Square Root of 1226

The square root is the inverse of the square of the number. 1226 is not a perfect square. The square root of 1226 is expressed in both radical and exponential form. In the radical form, it is expressed as √1226, whereas (1226)^(1/2) in the exponential form. √1226 ≈ 35.01428, which is an irrational number because it cannot be expressed in the form of p/q, where p and q are integers and q ≠ 0.

The prime factorization method is used for perfect square numbers. However, the prime factorization method is not used for non-perfect square numbers where long-division method and approximation method are used. Let us now learn the following methods:

• Prime factorization method
• Long division method
• Approximation method

The product of prime factors is the prime factorization of a number. Now let us look at how 1226 is broken down into its prime factors.

Step 1: Finding the prime factors of 1226 Breaking it down, we get 2 × 613

Step 2: Now we found out the prime factors of 1226. Since 1226 is not a perfect square, calculating √1226 using prime factorization directly is not feasible.

The long division method is particularly used for non-perfect square numbers.

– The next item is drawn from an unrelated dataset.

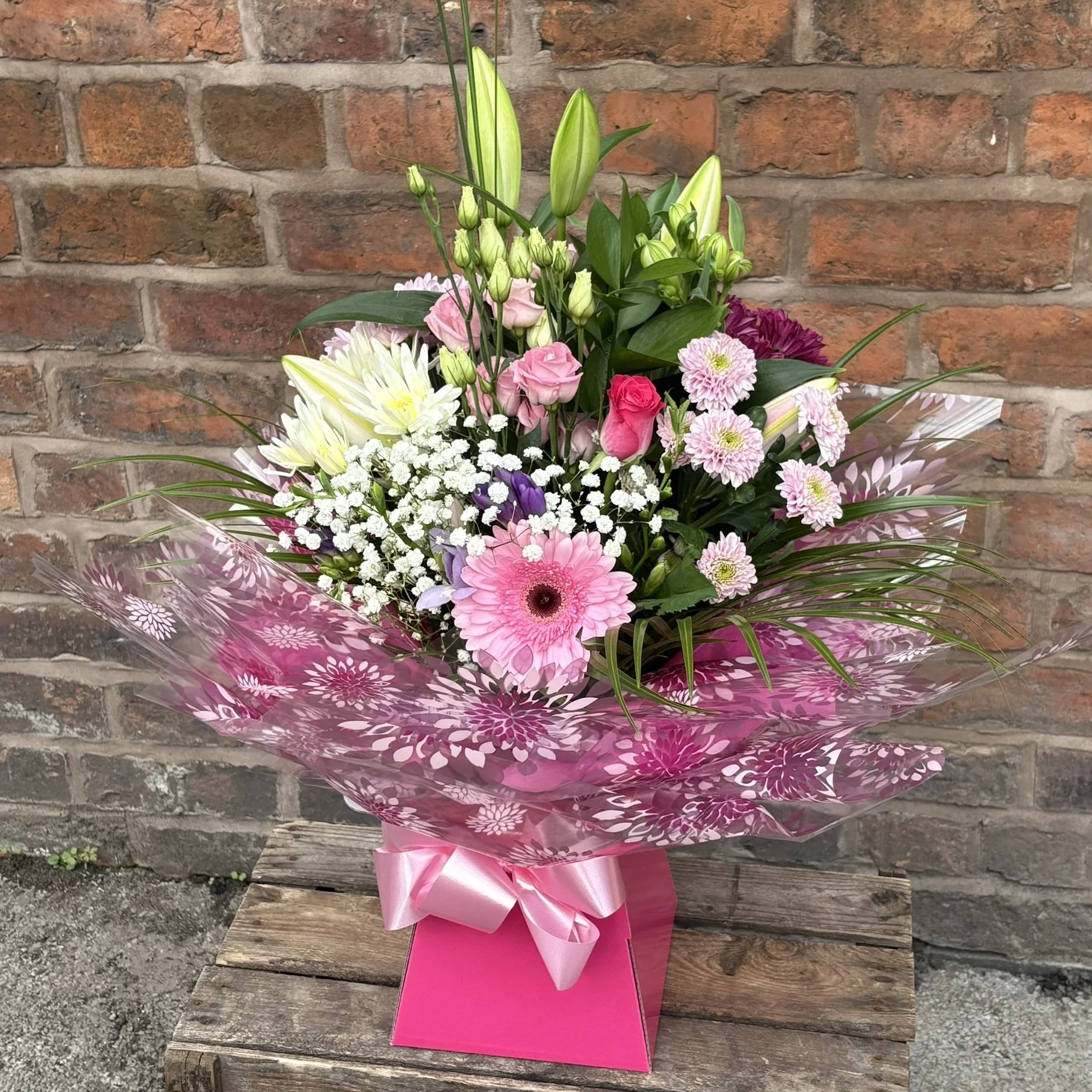 Dry Hand-Tied - Deluxe Pink Lilies & Hydrangeas

Let us now learn how to find the square root using the long division method, step by step.

Step 1: To begin with, we need to group the numbers from right to left. In the case of 1226, we need to group it as 26 and 12.

Step 2: Find n whose square is less than or equal to 12. We can say n as 3 because 3 × 3 = 9 is less than 12. Now the quotient is 3 after subtracting 9 from 12, the remainder is 3.

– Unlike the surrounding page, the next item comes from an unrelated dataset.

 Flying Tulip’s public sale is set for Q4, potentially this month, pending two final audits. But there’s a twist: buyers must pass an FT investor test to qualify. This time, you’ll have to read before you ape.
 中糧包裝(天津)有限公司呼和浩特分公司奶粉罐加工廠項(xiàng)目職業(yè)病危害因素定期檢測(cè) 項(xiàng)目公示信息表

Step 3: Bring down 26, making it the new dividend, 326. Add the old divisor with the same number 3 + 3 = 6, which will be our new divisor.

Step 4: The new divisor will be 6n (where n is part of the quotient). We find n such that 6n × n ≤ 326. Step 5: Let n = 5, then 65 × 5 = 325.

Step 6: Subtract 325 from 326, the difference is 1, and the quotient is 35.

Step 7: Since the dividend is smaller than the divisor, we need to add a decimal point. Adding the decimal point allows us to add two zeroes to the dividend. Now the new dividend is 100.

Step 8: Calculate the new divisor, 700, by adding a decimal number to the quotient and repeating the steps to get more decimal places.

So the square root of √1226 is approximately 35.01.

The approximation method is another method for finding square roots. It is an easy method to find the square root of a given number. Now let us learn how to find the square root of 1226 using the approximation method.

Step 1: Find the closest perfect squares to √1226. The smallest perfect square less than 1226 is 1225, and the largest perfect square greater than 1226 is 1296. √1226 falls between 35 and 36.

Step 2: Apply the formula: (Given number - smallest perfect square) / (Greater perfect square - smallest perfect square) Using the formula: (1226 - 1225) / (1296 - 1225) ≈ 0.014 Adding this decimal to the smaller perfect square root gives 35 + 0.014 = 35.014, so the square root of 1226 is approximately 35.014.

• Square root: A square root is the inverse of a square. For example, 4² = 16, and the inverse of the square is the square root, √16 = 4.
   
• Irrational number: An irrational number is a number that cannot be expressed in the form of p/q, where q is not equal to zero and p and q are integers.
   
• Principal square root: A number has both positive and negative square roots, but the positive square root is commonly used, known as the principal square root.
   
• Prime factorization: Prime factorization is expressing a number as the product of its prime factors.
   
• Long division method: A method used to find the square root of non-perfect squares through a systematic division process.